A: There is no harm in it provided that the act is not tantamount to desecrating the graves of Muslims, as seen in the common view. It should also not constitute a nuisance to the visitors of the holy shrine.
Q2086. Funeral directors prevent the digging of new graves beside some existing ones. Is there a shar‘ī reason for that? Are they justified in what they are doing?
A: No one has the right to reserve land around the graves of their relatives and, thus, prevent the believers from burying their dead in the public cemetery provided that the latter is held in trust or made available for the public to bury their dead.
Q2087. By virtue of a court order, a person came to own a piece of confiscated land. It is situated beside the cemetery that is no longer capable of accommodating more graves. Is it permissible to use the land for burial of the dead, after securing permission of the current landlord?
A: If the actual owner can be deemed the rightful owner of the land, there is no objection to making use of it with his consent and permission.
Q2088. A person donated a piece of land to be used as a burial ground and made it a public cemetery for Muslims. Is it permissible for the board of trustees to charge people a fee for burying their dead there?
A: They have no right to demand payment of anything for burying the dead in a public graveyard that has been designated as an endowment. However, there is no objection to their charging a fee for providing any sort of service to the cemetery or the relatives of the dead in connection with burying their loved ones.
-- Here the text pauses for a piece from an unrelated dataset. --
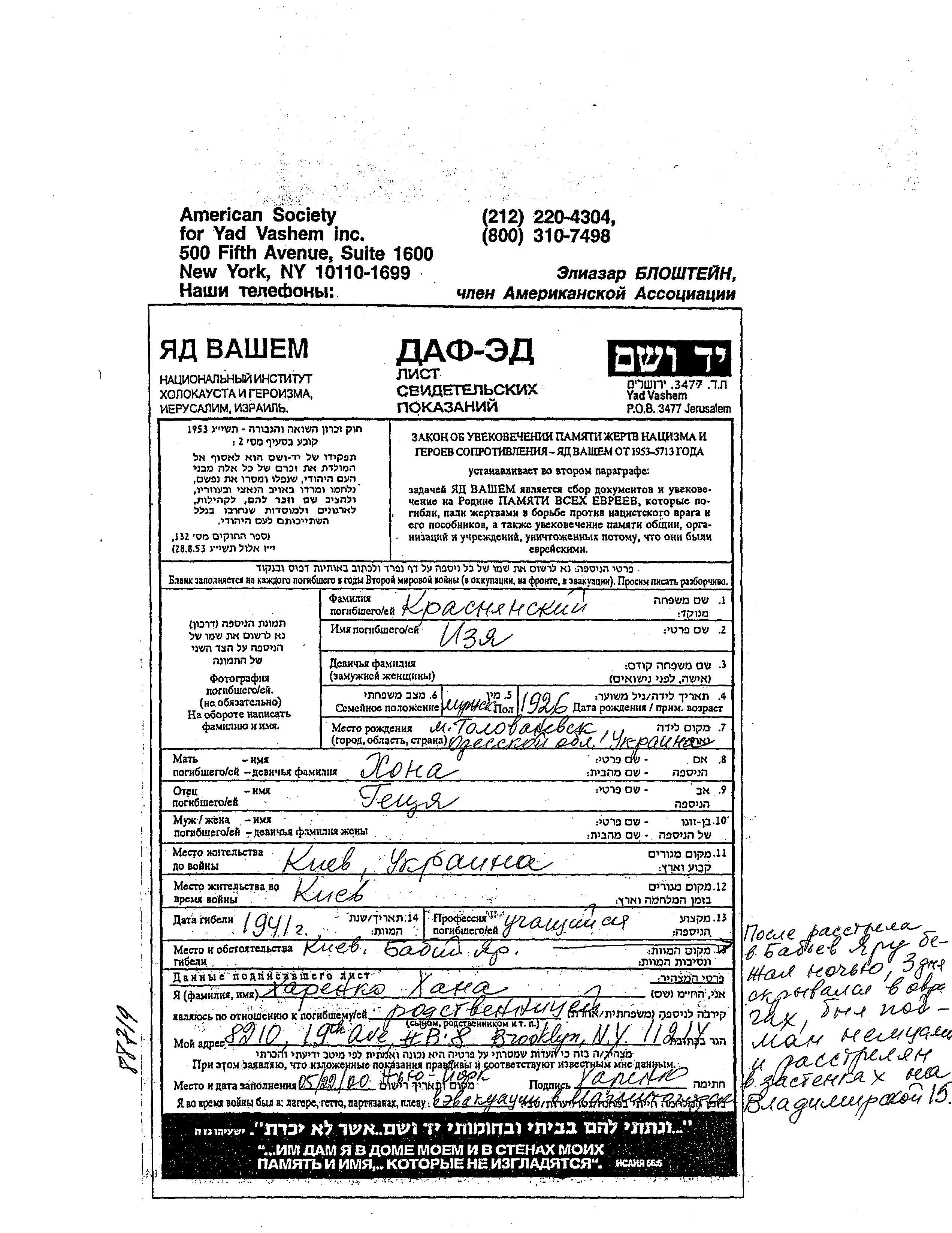 Краснянский Изя 1926 Киев, Украина (СССР) Лист свидетельских показаний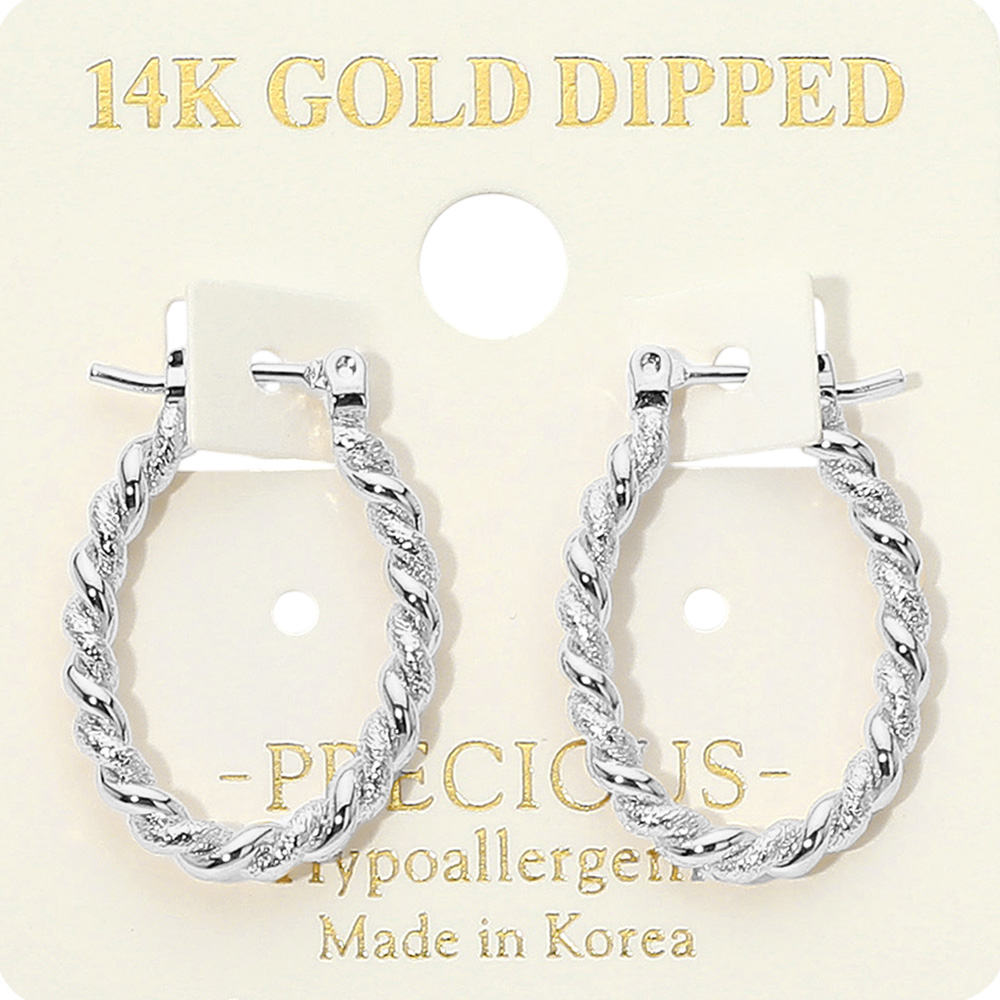 Details • Size : 0.75" X 1" • Pin Catch • These twisted hoop earrings bring refined texture and dimension to your style with their braided design and shimmering finish. Perfect for both everyday elegance and evening charm, they offer a timeless balance of sophistication and versatility for any occasion. • Gold Dipped • Hypoallergenic • Made In Korea

Q2089. Due to the non-availability of a piece of land in the town centre to build an information centre on it, is it permissible to build the centre in the derelict part of an old cemetery?
A: It is not permissible if the public cemetery was designated as an endowment for burying the Muslim dead, or the building of the centre would entail exhuming the dead bodies or desecrating the graves of Muslims. Otherwise, there is no objection to that.
Q2090. As a mark of respect for the martyrs, who were residents of our village and are buried elsewhere, it is planned to install memorial stones carrying their names in the village cemetery. Is this permissible?
A: There is no objection to building symbolic graves. However, it is not permissible to prevent other people to bury their dead in that place. This should be so if the land is held in trust for the purpose of burying the dead.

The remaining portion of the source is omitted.